Railroad Radio Communications

Railroad Radio Communications

 

a system of communications used on railroads in operational control over train traffic, in station operations, in repair of track and power systems, and so on. Railroad radio communications use regional (or local) radio stations and on USSR railroads were first used at the end of the 1940’s. A distinction is made between train radio communications and switching or station radio communications. Train radio communications enable the dispatcher or individual on duty at the station to hold conversations with the locomotive engineer and also enable locomotive engineers to talk with each other. In station or switching radio communications, the switching dispatcher (the individual on duty at the station, the foreman of the switching work) can talk with engineers on switching locomotives; the personnel in the technical office can obtain information from car checkers; and personnel at technical inspection points can contact car inspectors. Train radio communications operate in the hectometer wave band in a simplex model on a single operating frequency of 2130 kilohertz. The locomotive transceiver is mounted in the locomotive cab, and stationary sets are mounted in the office of the person on duty at the station.

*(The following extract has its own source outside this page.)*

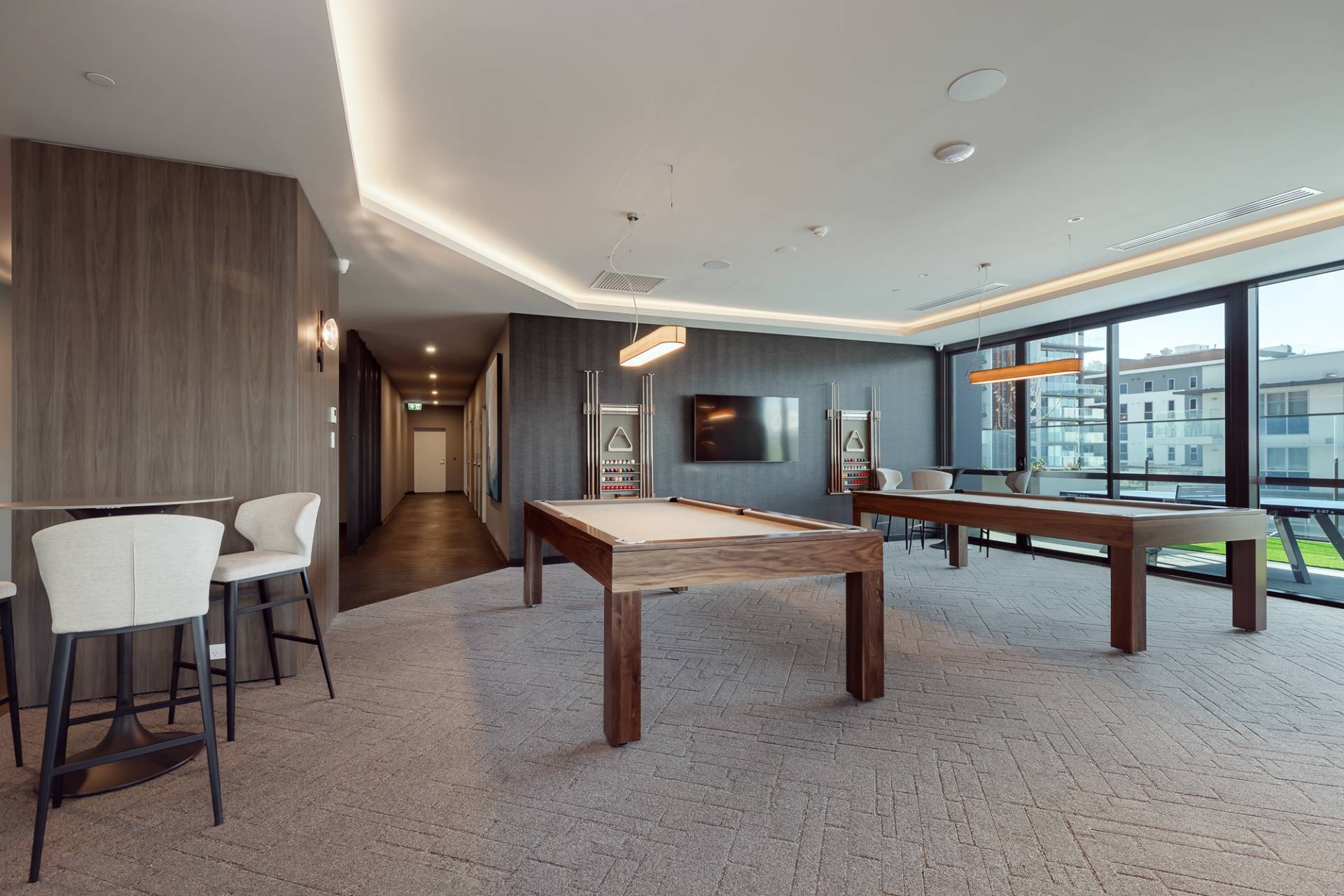 The open-plan living and dining area provides a versatile space for relaxation and entertainment, seamlessly connected to a private balcony. The apartment also includes a designated secure parking space for your convenience and peace of mind. Residents have access to premium facilities including a fitness center, swimming pool, and communal BBQ area, enhancing your living experience.

Station radio communications operate in the ultrashort-wave range at frequencies of 150 to 155 megahertz in simplex mode. Through a single stationary radio station the director of station operations maintains communications with several engineers of locomotives equipped with locomotive transceivers that can be contacted by an individual selector or group system. The individual on duty in the technical office contacts car checkers walking the length of trains. A stationary radio set is installed in the office premises, and the car checkers use portable sets. Railroad radio communications help increase traffic safety. All large stations have station radio communications, and about 60,000 km of the railroads in the USSR (1970) are equipped with train communications facilities.